═══ Material shown

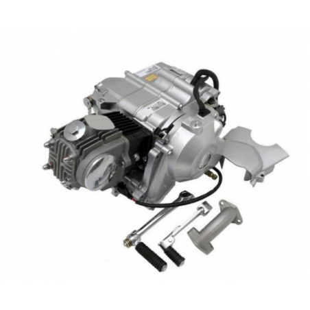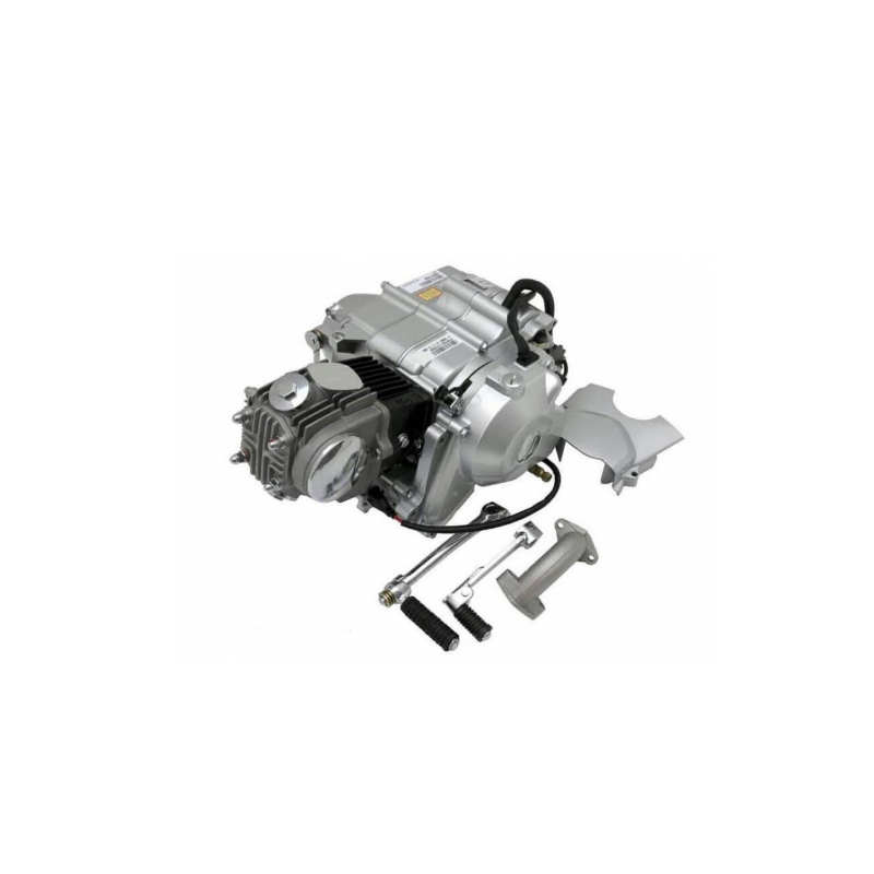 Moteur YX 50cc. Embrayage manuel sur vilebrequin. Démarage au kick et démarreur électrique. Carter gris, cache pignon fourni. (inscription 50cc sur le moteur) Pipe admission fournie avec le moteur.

══════
═══ Material shown

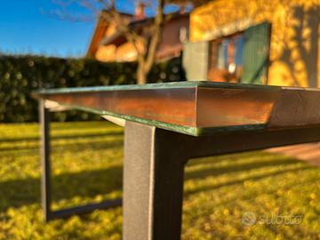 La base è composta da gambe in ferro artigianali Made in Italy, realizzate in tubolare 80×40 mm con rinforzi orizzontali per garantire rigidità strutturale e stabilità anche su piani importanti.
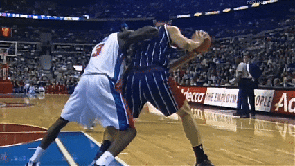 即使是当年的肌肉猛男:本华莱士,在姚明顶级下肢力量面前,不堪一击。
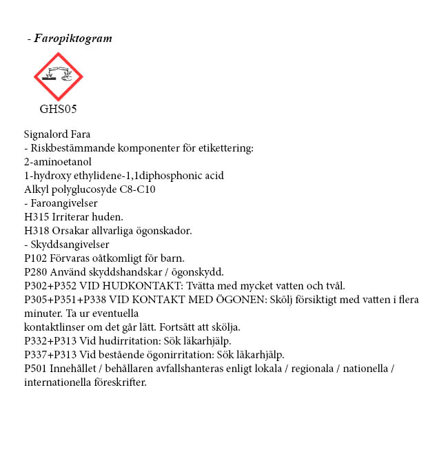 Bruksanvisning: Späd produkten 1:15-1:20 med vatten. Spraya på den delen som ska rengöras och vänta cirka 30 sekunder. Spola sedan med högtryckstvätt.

══════

• Work required: Using the listing above, reproduce word for word every line from the one containing "即使是当年的肌肉猛男:本华莱士,在姚明顶级下肢力量面前,不堪一击。" through the one containing "Bruksanvisning: Späd produkten". Pictures must be left out.

• Worked solution:
 即使是当年的肌肉猛男:本华莱士,在姚明顶级下肢力量面前,不堪一击。
 Bruksanvisning: Späd produkten 1:15-1:20 med vatten. Spraya på den delen som ska rengöras och vänta cirka 30 sekunder. Spola sedan med högtryckstvätt.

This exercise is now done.